Dispatches from Maine

Just another person of little note writing about ordinary things. That I reside in Maine is icing on the cake.

23 March 2005

Aging at Home and Blindness at Microsoft

The time has come to put the too new skis up for the summer. I went to visit a friend who is far more experienced with ski equipment than I. He showed me how to apply wax to the skis to keep the base from oxidizing over the summer. I had agreed previously to go running with him afterward, and though my knee was sore from Monday I kept to the plan. We had run but a very short distance when the ice and snow patches appeared on the path. Within a few minutes my knee was throbbing while the associated thigh muscle became more and more tight. We spent more time walking between short bursts of running, but I knew I was pushing through a lot of pain. He kindly shortened the run so I could return home.
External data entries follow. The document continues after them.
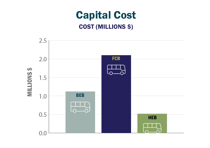 Added to the total capital cost, our analysis finds that FCBs have the highest life-cycle cost. Between BEBs and HEBs, the cost difference is relatively insignificant.
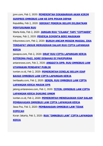 Jawa Pos, Feb 3, 2020: PEMBAHASAN OMNIBUS LAW TIDAK
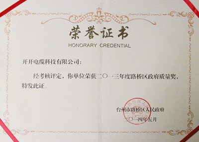热烈祝贺我司荣获2013年度路桥区政府质量奖。
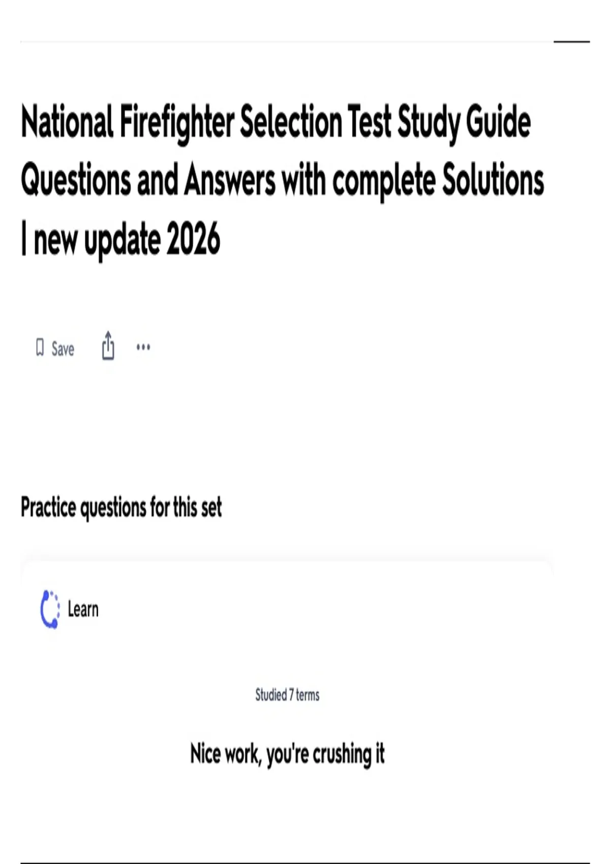 National Firefighter Selection Test Study Guide Questions and Answers with complete Solutions | new update 2026
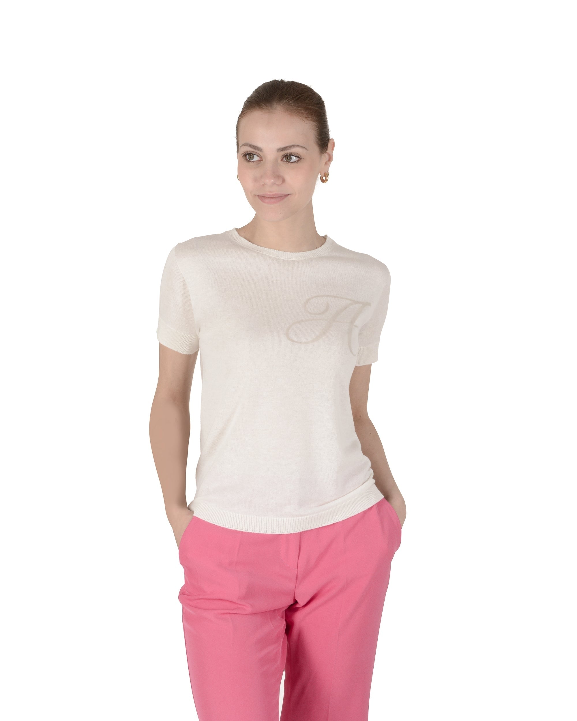 Crown of Edinburgh Cashmere Short Sleeve ART 003 IVORY LETTER A
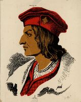 Retrato de un personaje desconocido Se ha representado en este retrato a un personaje masculino de perfil. Su semblante es serio, su piel muy morena y su cabello marrón es largo dejándolo caer sobre sus hombros. Sobre su cabeza lleva un sombrero rojo y en su vestimenta se aprecian los colores rojo y blanco. En la composición está presente la firma del pintor.Prueba de imprenta. Ilustración realizada para la revista semanal Novelas y Cuentos. Titulo: Autor: Nº publicado: Fecha: Tomo NC.
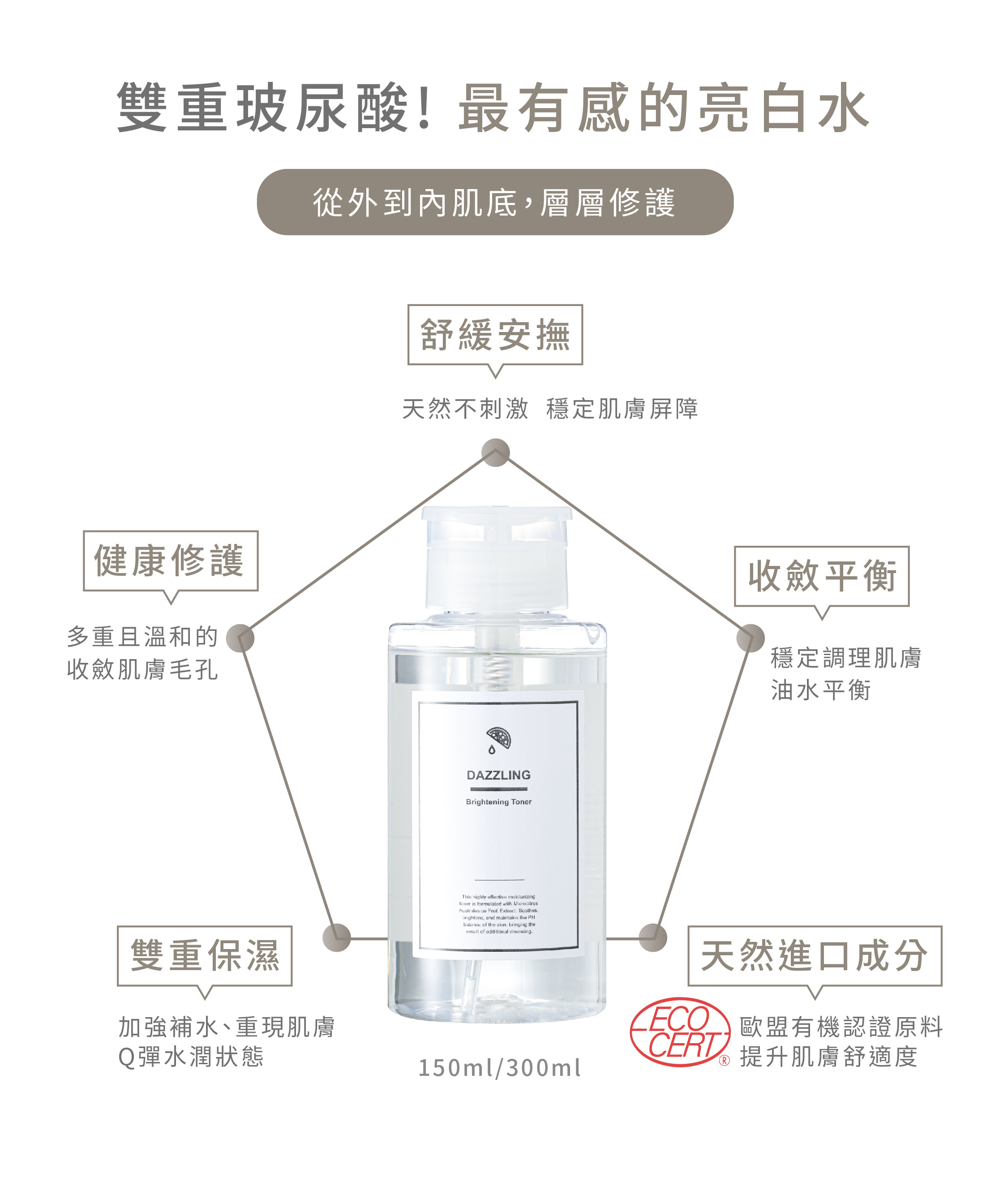 使用“雙重玻尿酸”為基底的化妝水萃取天然植物的成分,降低皮膚油脂代謝不平衡的現象,

When I arrived at the house my father-in-law was over to drop off my youngest from her dinner at Grammy and Grampy's house. While we chatted the pain in my knee seemed to increase, so I hobbled off to see if there was any visible problem. I was rewarded with the sight of a great big bruise about two inches above my knee. It appears when I wiped out skiing (a foolish attempt to follow my betters over a jump) my ski must have struck me slightly above the knee. The bruise did not hurt before, but it hurts like heck now!

It is hard to get old.

It also hard to "get" Microsoft, or at least hard to understand them. They are, by all accounts, a company which has grown giant on the labor of a thriving ISV (Independent Software Vendor) market, but which also periodically competes against their own ISVs (DeLorme has been one such target). Their development tools have, historically, been quite inexpensive when compared to other enterprise development systems (i.e. Rational's suite). Just recently Microsoft announced Visual Studio Team System with technologies most of us (ISVs) have been cobbling together from small commercial or OpenSource tools for years. At DeLorme we use:
  • Microsoft Visual Studio (a good development environment with nice ISO C++ compliance)
  • Microsoft Visual Source Safe (a terrible SCM system, just try branching then merging a busy project for four months, we have seriously investigated other tools at least once and plan to do so again soon)
  • Kinook Visual Build Pro (this build app rocks the house for ease of use and integration with so many different tools)
  • Microsoft Visio (it sucks for UML so different teams have been trying alternatives)
  • Microsoft Project (yuck! the database version, for workgroups, has locking problems and the scheduler in general has little capacity to handle rapidly changing teams or agile approaches)
  • Segue SilkRadar (passable, but I am trying to get people to look into FogBugz)
  • CompuWare DevPartner Studio (this tool cannot be beat for memory checking, profiling and coverage analysis; and yes, I have used purify before)
  • Whole TomatoVisual Assist X (for code templates and decent Intellisense, this is a great package, try it for free)
  • doxygen (for extracting documentation from comments)
  • CxxText (for unit testing, and the CxxTest people are GENIUSES! teams are picking up unit testing like never before!)
The tool we are missing most right now is a good refactoring tool (Ref++ crashed all the time for me), but we are laboring with bad software in the diagramming, project management, source code control, and defect tracking area. All areas which Visual Studio Team System attacks and all but bug tracking comes from Microsoft already. Meanwhile, our build system, code editing, and unit testing tools are great. Factor in that the new Team System is about $10,000 more than our current costs and ask me why I would recommend we go that route? I am likelier to start looking seriously at 3rd party or OpenSource tools to fill in for the bad Microsoft tools. In the SCM department, if we go with a product like AccuRev it gets us two fo the items for $750 per seat. Even if we went commercial for each missing piece, it is still less than Microsoft is charging.

I may be getting old, but at least I am not in Microsoft's shoes right now. ISVs can hope this is a trial balloon from Redmond and that the pricing is flexible. Otherwise, I suspect it is a sign that ISVs really are no longer a serious consideration. This year there will be no reason to continue my MSDN Universal or PDC, not that Microsoft would notice the $5,000 missing.